Physical characteristics
- Mouth: Kökömeren
- • coordinates: 42°07′21″N 74°03′43″E﻿ / ﻿42.12250°N 74.06194°E
- • elevation: 2,030 m (6,660 ft)
- Length: 90 km (56 mi)
- Basin size: 2,410 km^{2} (930 sq mi)
- • average: 39.3 m³/s

Basin features
- Progression: Kökömeren→ Naryn→ Syr Darya→ North Aral Sea
- • left: Ötmök, Korumdu, Charyia
- • right: Western and Eastern Aramza, Chong Üchemchek

= Suusamyr (river) =

River in Kyrgyzstan

The Suusamyr (Суусамыр) is a river in Jayyl District of Chüy Region of Kyrgyzstan. Starting at Ala-Bel Pass, where the Talas Ala-Too and Suusamyr Too meet, it flows eastwards along Suusamyr Valley. The Suusamyr is 90 km long, and has a drainage basin of 2410 km2. The average annual flow is 39.3 m³/s. The riverbanks are wide and marshy, and in some areas, it splits into multiple branches, with a floodplain several kilometers wide.
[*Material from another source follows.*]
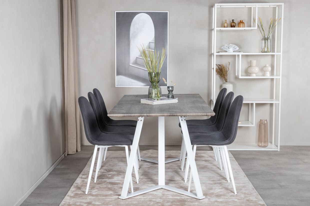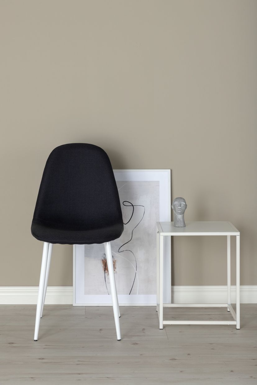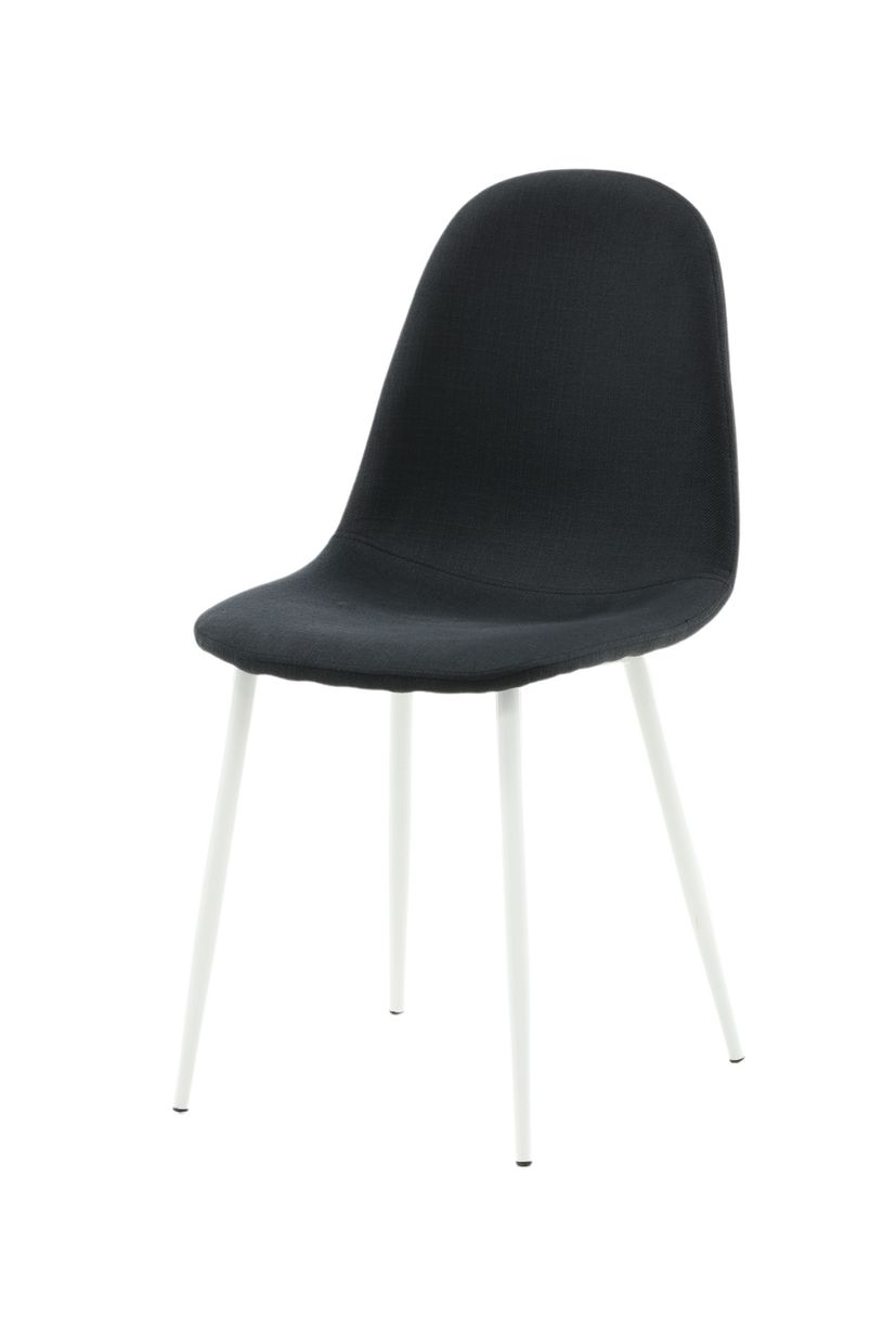 Matstolen från serien Polar har en rundad utformning med klassisk design. Rygg och sits är klädd i svart polyestertyg och ben i vit pulverlackerad metall. Den stilrena designen gör stolen enkel att matcha med övrig inredning.

The lower reaches have shrub and forest vegetation along the banks. The river is fed by snow, glaciers, and springs. It swells in April and recedes by September. The Suusamyr's confluence with the Batysh Karakol (Western Karakol) forms the Kökömeren. The village of Suusamyr is located along its banks.

==Tributaries==
Main tributaries are:
- Left: Ötmök, Korumdu, Charyia
- Right: Western and Eastern Aramza, Chong Üchemchek.
Some of its tributaries are used for irrigation.